“It’s done!” I say, fighting him. “They’re destroyed, and there’s nothing you can do about it.”
He tightens his grip on me, reeking of tobacco and lye. His knife bites the skin at my throat, and I whimper, squeezing my eyes shut.
“On the contrary,” says Meiser, his voice rumbling from his chest into my back. “Andrei visited me before my knob disappeared again. He told me of his plans. I know where the new knob is.”
“Let her go,” Nikolay snarls.
Meiser presses the knife harder against my throat, constricting my pulse. My head lightens, panic curling to my toes, and still he backs away. His feet crunch over a few pieces of glass. We’re getting closer.
“I paid good money for the services I received. I’m not going to let you back out now.”
“What do you care?” I grit out through my teeth, digging my nails into his skin. “Just live your life and move on.”
His knife breaks through skin, and I let out a cry. Blood trickles out, steaming in the frigid air.
He dips his head so his tobacco breath smacks my face with each word. “I care because I’m not going to lose my legacy. I’ve put blood, sweat, and tears into my theater, and I intend to immortalize it.”
A tear trickles from the corner of my eye. I can feel where he cut me, and the image of Rosemary hanging from the balcony of that legacy chills me to the bone. “My cousin will die if you activate that knob,” I sputter.
“What’s one more life in the scheme of things?” he says, low and menacing.
“So long as it’s not yours,” says Nikolay, inconspicuously edging closer to us.
Meiser points the knife cane at Nikolay. “You threatening me, boy?”
Nikolay raises both of his hands. “You worked hard to establish your business. But I’ve also sacrificed much to put an end to mine. You will not retrieve that knob.”
“We’ll see about that.” Meiser pauses, clenching me tighter to him. I close my eyes, imagining him licking his lips, contemplating his next actions. Dreading what he’ll do next. Any minute now he’ll slice my throat the rest of the way, and this will all have been for nothing.
With a grunt, Meiser pushes me at Nikolay before he gets the chance to do anything else. I stumble into Nikolay, knocking him back so he staggers, hitting heels against the checkout desk.
Meiser breaks for the door and disappears from sight, dashing down the sidewalk outside.
“If he puts the knob in his door, it will complete the spell,” Nikolay says. “Layla will die, and her soul will be trapped.”
I push up from Nikolay’s chest, desperation driving me. “We can’t let him take it.”
“Wait a moment.” Nikolay grips my arm, holding me to him as he attempts to sit up. Blood stains his shirt, and I tear at his collar, searching for the source.
“It’s yours,” Nikolay says, stilling my hands. “It’s yours.”
My hand flies to my throat where Meiser broke the skin. Sure enough, blood seeps through, leaving my fingers red.

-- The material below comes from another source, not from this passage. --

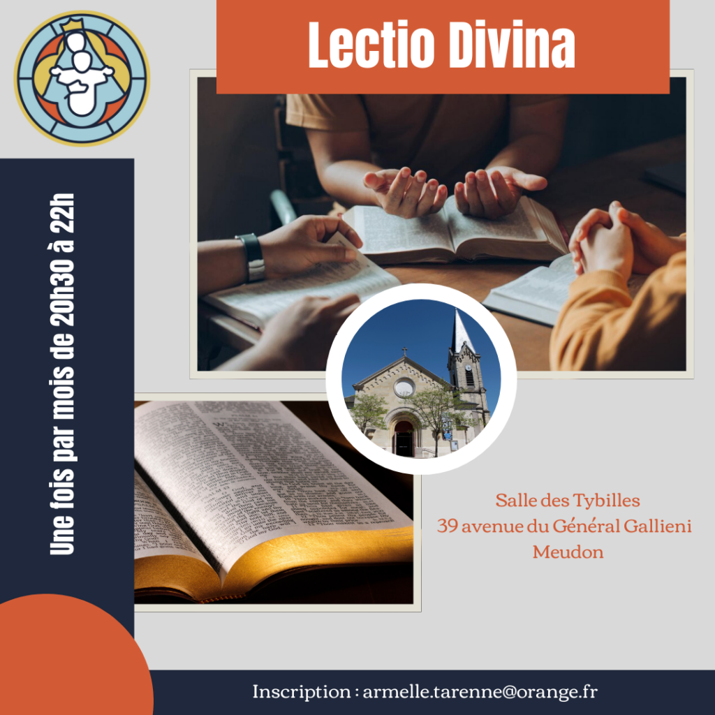 Partant d’une lecture des Saintes Écritures, un cheminement nous conduit à entendre ce que le Seigneur veut nous dire aujourd’hui. Dans une communion d’esprit, nous découvrons comment cette Parole nous parle individuellement, mais aussi comment elle parle aux autres. Cette pratique est accessible à tous. Par l’écoute et le partage sur les textes bibliques, nous sommes rejoints par Dieu dans toutes les dimensions de notre être. La Lectio Divina nous aide à Le rencontrer en profondeur afin d’engager avec Lui toute notre vie. Des paroissiens se réunissent en présentiel (Tybilles) ou en visio, une fois par mois de 20h30 à 21h30, pour partager ensemble sur la Parole de Dieu, à la manière de la Lectio Divina.

Nikolay removes a handkerchief from his pocket and presses it to the spot.
“What now?” I ask.
“We get to it first,” he says simply, rising to his feet and offering me a hand.
“You know where it is?”
“My father had me hide a few of the knobs. I always chose the same place. And while I didn’t hide this one, I’m certain my father would continue to use my hiding place.”
I stare at the shattered door, cringing at the curious looks we’re receiving from passersby.

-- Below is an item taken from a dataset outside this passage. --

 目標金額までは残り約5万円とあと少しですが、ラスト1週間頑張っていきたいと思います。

“I can’t believe your father told that creep what he was doing, creating a new door like that.”
“He had to,” says Nikolay. “Meiser saw you take his knob, and it’s only natural he would have posed a complaint. I’m sure he told Meiser to placate him. Now. Come.”
He rushes off and returns in a thick winter coat. He holds one out for me as well, and I slip my arms into the sleeves. The fur lapels brush my face. This is a woman’s coat. His mother’s?

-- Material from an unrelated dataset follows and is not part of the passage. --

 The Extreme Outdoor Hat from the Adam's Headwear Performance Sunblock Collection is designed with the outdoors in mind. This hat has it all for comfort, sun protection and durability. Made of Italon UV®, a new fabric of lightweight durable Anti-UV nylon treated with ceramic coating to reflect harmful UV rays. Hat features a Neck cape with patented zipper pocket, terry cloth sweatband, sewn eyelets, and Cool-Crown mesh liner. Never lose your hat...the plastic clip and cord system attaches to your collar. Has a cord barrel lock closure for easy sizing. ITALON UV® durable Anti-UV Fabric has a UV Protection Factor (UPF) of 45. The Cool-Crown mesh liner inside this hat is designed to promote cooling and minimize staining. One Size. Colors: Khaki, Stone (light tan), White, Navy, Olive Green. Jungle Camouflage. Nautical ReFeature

“None of the others contacted your father, when their knobs went missing?”
“Not that I know of.”
“Okay, then,” I say, securing the kerchief at my throat again. “Where do we go?”
“Papa traveled back, placed the knob, and then came back to Jerry’s and your time. He didn’t yet retrieve it in 2017 because the door wasn’t ready. The knob would have been his final step. And as he didn’t know I retrieved the knob from Piper’s house, he would have done this quite recently.”
“I’m sorry about your front door,” I say as Nikolay and I navigate through the broken glass.
He presses his lips. “This kind of door can be easily fixed.”
We step through to the street. The air is cold and filled with hints of chimney smoke. Nikolay hails a taxi, a black Model T, similar to practically every other car here, except for its yellow exterior beneath the black hood. I slip onto the seat in wonder while the driver asks over his shoulder where we’re headed.
Nikolay gives an address, and we putter off, the vehicle’s mechanical workings sounding strange to my ears and chugging beneath me more than I’m used to. We head across town, passing what I know of as a hotel that happens to be an entirely different building now.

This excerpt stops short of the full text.